B

Alex doesn't like boredom. That's why whenever he gets bored, he comes up with games. One long winter evening he came up with a game and decided to play it.

Given a sequence a consisting of n integers. The player can make several steps. In a single step he can choose an element of the sequence (let's denote it a_k) and delete it, at that all elements equal to a_k + 1 and a_k - 1 also must be deleted from the sequence. That step brings a_k points to the player.

Alex is a perfectionist, so he decided to get as many points as possible. Help him.

Input

The first line contains integer n (1 ≤ n ≤ 10⁵) that shows how many numbers are in Alex's sequence.

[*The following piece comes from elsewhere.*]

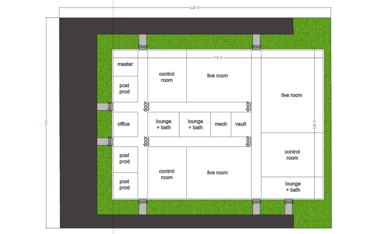 What would you suggest if going with larger single floor plan? Adding on at least three production suites and one mastering suite for immersive? Central mechanical room would be sound isolated (at least live rooms would be)....so not sure why need to relocate?

The second line contains n integers a₁, a₂, ..., a_n (1 ≤ a_i ≤ 10⁵).

Output

Print a single integer — the maximum number of points that Alex can earn.

Examples

Input

2
1 2

Output

2

Input

3
1 2 3

Output

4

Input

9
1 2 1 3 2 2 2 2 3

Output

10

Note

Consider the third test example. At first step we need to choose any element equal to 2. After that step our sequence looks like this [2, 2, 2, 2]. Then we do 4 steps, on each step we choose any element equals to 2. In total we earn 10 points.

题意：选择一个数ak删除,并且删除ak+1和ak-1，同时得到ak分，求最大可以获得的分

#include<bits/stdc++.h>
using namespace std;
typedef long long ll;
const int maxn=1e5+10;
ll a[maxn],b[maxn];
ll dp[maxn];
int main()
{
    ll n,m=0;
    scanf("%lld",&n);
    memset(dp,0,sizeof(dp));
    memset(b,0,sizeof(b));
    for(int i=1;i<=n;i++)
    {
        scanf("%lld",&a[i]);
        if(m<a[i])
          m=a[i];
        b[a[i]]++;
    }
    dp[0]=0;
    dp[1]=b[1];
    for(int i=2;i<=m;i++)
    {
        dp[i]=max(dp[i-1],dp[i-2]+b[i]*i);
    }
     cout<<dp[m]<<endl;
     return 0; 
} 
//dp[i]=max(dp[i-2]+n[i]*i，dp[i-1])
//dp[i]表示的是前i个的最大值，对于第i个有取和不取的情况，
//对于可以取到i的情况，删掉的一定是i-1这个点，
//剩下的就是前i-2的情况了，由于dp[i-2]包括了取i-2的情况，于是就不用再重复考虑i-2也要加一遍的情况了，然
//后再考虑不取i的情况，就不用考虑i了，于是就是dp[i-1]了